What is the strategic rationale behind CVC’s acquisition of Equine Network?

CVC’s acquisition of Equine Network is strategically driven by its desire to bolster US market exposure within its Global Sport Group platform and diversify its portfolio into the $2.5 billion US equestrian sports sector. The firm aims to leverage its extensive experience in sports to innovate and grow Equine Network’s intellectual property. This move aligns with CVC’s broader strategy of investing in scalable IP assets within niche sports leagues, anticipating significant potential for media rights expansion and event monetization.

Who are the key parties involved in the Equine Network transaction?

CVC Capital Partners is the acquirer, securing a controlling stake in Equine Network, which is the largest for-profit equestrian sports league in the US. CVC was advised by Lazard, while Growth Catalyst Partners and Equine Network were advised by William Blair. Post-closing, Michelle Wilson and George Barrios, former co-presidents of WWE and current directors of CVC’s Global Sport Group, will serve as co-chairs of Equine Network, bringing significant media and entertainment expertise to the venture.

What is the significance of Equine Network joining CVC’s Global Sport Group?

Equine Network’s integration into CVC’s Global Sport Group marks the platform’s first new league investment, significantly expanding its footprint into the US market and the equestrian sports segment. The Global Sport Group already includes stakes in major entities like La Liga, Ligue 1, and the Women’s Tennis Association.
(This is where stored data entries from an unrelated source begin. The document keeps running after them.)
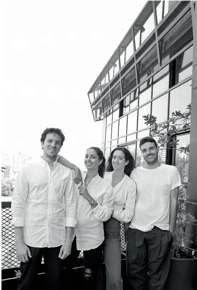
L'équipe de CAL
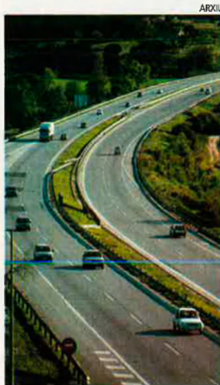
Un tram de les autopistes d'ACESA, societat participada per "La Caixa". L'entitat financera inverteix prioritàriament en empreses d'infraestructures o de serveis.

Els tentacles de "La Caixa" no s'han estès al món estrictament industrial. A diferència dels bancs tradicionals, que controlen directament la gestió de grans corporacions industrials, "La Caixa" ha defugit voluntàriament tota inversió d'aquest tipus, considerada "massa arriscada". De fet, per a molts bancs la cartera industrial s'ha convertit en un dels principals problemes de
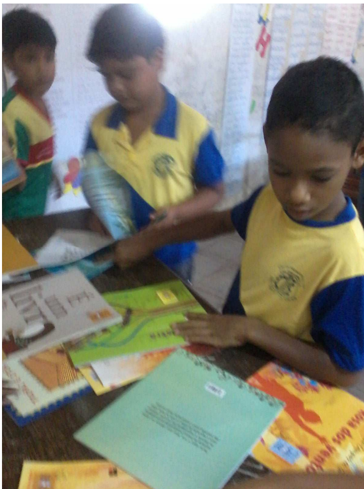
Alunos Seleccionando o Livro Que Empréstaram Do Cantinho Da Leitura
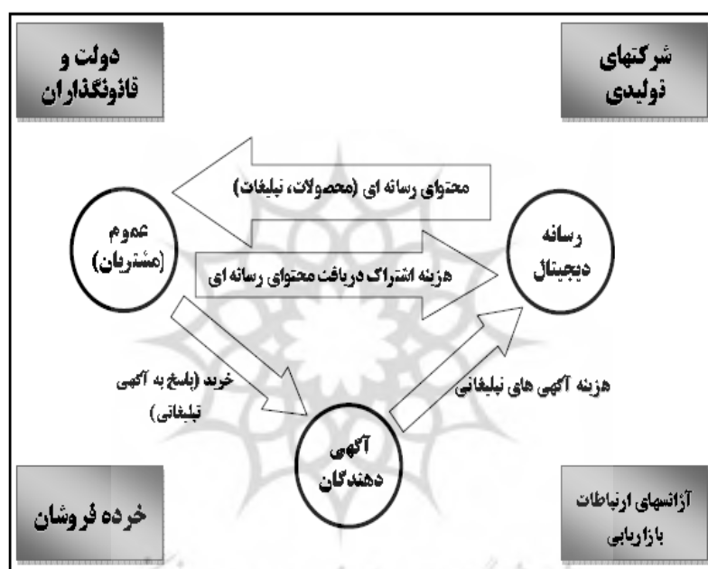
شکل ۱- الگوی سنتی کسب‌وکار رسانه، مک فیلیپس و مرلو (۲۰۰۸)

کاهش اثربخشی تبلیغات رسانه‌ای (۱) (همان، ص ۲۳۸). از این رو، ضرورت ایجاد می‌کند که الگو و چارچوب جدیدی با رویکرد رسانه‌های نوین دیجیتال برای این کسب‌وکار شناسایی و معرفی شود تا زمینه پرداختن به مطالعات بعدی در خصوص عوامل و بازیگران آن و همچنین تبیین تأثیرات میان آنها فراهم آید.
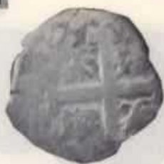
Nº 17: 2 reales macuquina de 1739 de Potosí
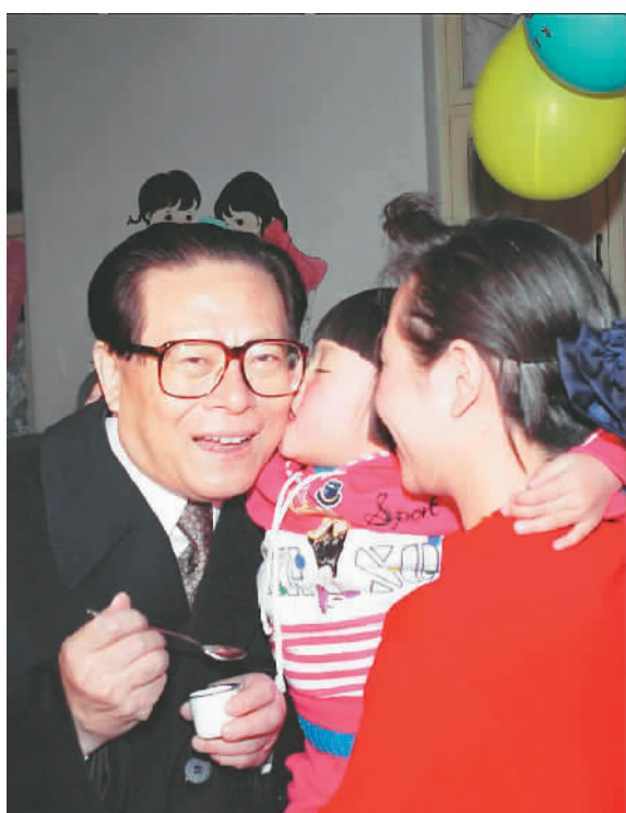
右图：1993年12月5日，江泽民同志在北京为一位幼儿园儿童喂服脊髓灰质炎疫苗后，小朋友亲吻江爷爷。
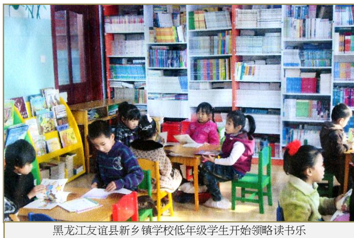
黑龙江友谊县新乡镇学校低年级学生开始领略读书乐

黑龙江友谊县有三校获 2011 年的 ESS《图书室》项目。其中友谊中学的图书是由持续赠书多年，曾下放到北大荒的知青所捐赠。学校在感谢信中对她说：“原想收获一縷春光，却得到整个春天。图书室除正常开馆时间外，每周为住宿生开放两个晚上，并坚持双休日和寒暑假全天开放。《图书室》由两个学生社团负责积极推动学校读书活动。”

This addition underscores CVC’s commitment to diversifying its sports portfolio and applying its proven strategies for commercial growth and IP development to a new, fragmented market with consolidation opportunities.

What is the estimated market size for US equestrian sports, and why is it attractive to private equity?

CVC estimates the US equestrian sports market to be approximately $2.5 billion, encompassing both Western and English disciplines. This sector is attractive to private equity firms like CVC due to its fragmentation, which presents significant consolidation opportunities. Firms can pursue scalable intellectual property assets, expand media rights, and enhance event monetization, mirroring successful strategies CVC has employed in other team sports. Bain & Company notes that sports investments can yield 15-20% IRRs through digital streaming and global licensing, making niche markets like equestrian particularly appealing.

When is the CVC-Equine Network deal expected to close, and what are the next steps?

The acquisition of Equine Network by CVC Capital Partners is expected to close in Q2 2026. This timeline is contingent upon receiving all necessary regulatory approvals. Following the close, Michelle Wilson and George Barrios will assume roles as co-chairs of Equine Network, tasked with scaling operations and leveraging their media and entertainment expertise to drive growth within the newly acquired entity.